Eman: al via il nuovo tour dopo lo stop della pandemia

Eman torna in tour dopo lo stop forzato della pandemia. Da Milano a Cosenza, il cantautore porta la sua musica cross-genere sui palchi di tutta Italia


Eman, all’anagrafe Emanuele Aceto, imbraccia la chitarra all’età di 11 anni e inizia a comporre i suoi primi brani. Avvia il suo progetto nel 2001 e, dopo anni di esplorazione sonora attraverso i generi più disparati – dal reggae al cantautorato italiano –, arriva al successo discografico con l’album Amen (2016), dal quale viene estratto un primo singolo omonimo che lo consacrerà nel panorama musicale italiano.

Il suo ultimo EP, Distratto, è uscito nel 2023; è stata l’occasione per l’artista di tornare a suonare dal vivo, dopo la cancellazione forzata del tour durante la pandemia e un periodo di stop dedicato alla propria vita familiare.
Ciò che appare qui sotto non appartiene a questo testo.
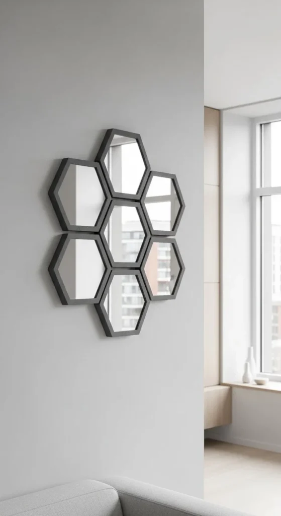 Hexagon mirrors create a structured modern mirror gallery. Cut foam board hexagons to fit around each mirror precisely. Hot glue works well for quick assembly. Paint all pieces for a unified look. Arrange in honeycomb patterns above consoles, desks, or beds. Neutral colors keep the design cohesive. Lightweight materials simplify hanging and adjustments. Use consistent spacing for symmetry. Mirrors reflect light and make small spaces appear larger. Pair with minimal furniture to let shapes stand out. This DIY is beginner-friendly and budget-conscious. Try mixing sizes for visual interest. Matte finishes reduce glare. The geometric arrangement adds depth without heavy construction. Perfect for apartments or rented spaces where wall damage should be minimized.

Da Milano a Cosenza, Eman porterà la sua musica sui palchi d’Italia nel mese di gennaio; scopriamo di più sul suo progetto artistico in questa intervista.

Se dovessi descrivere Eman con una parola, che non sia per forza un aggettivo, quale sarebbe e perchè?

Questa è una bella domanda! Riflessivo, ti direi, forse anche troppo. Sono uno che pensa tanto, per ogni cosa che fa, anche se sono istintivo. Rifletto sempre sulle conseguenze di ogni mio gesto, dal più piccolo al più grande. Ovviamente ogni tanto sbaglio, non sono un perfezionista. Ironicamente sono uno di quelli che vincono le discussioni quando sono soli sotto la doccia, che poi ci pensano e dicono: “ah, avrei dovuto dire questo!”

Oggi inizia il tuo nuovo tour, sei carico?

Sì, carico ma anche un po’ ansioso, come è giusto che sia. Lo sono sempre almeno un po’, anche dopo mille anni, sia che siano piccoli palchi sia che siano più grandi. Questa è la copia di un tour che è saltato per il Covid e per una serie di motivi incredibili, e siamo riusciti solo adesso a portarlo in giro per l’Italia. Sono molto felice di tornare a suonare.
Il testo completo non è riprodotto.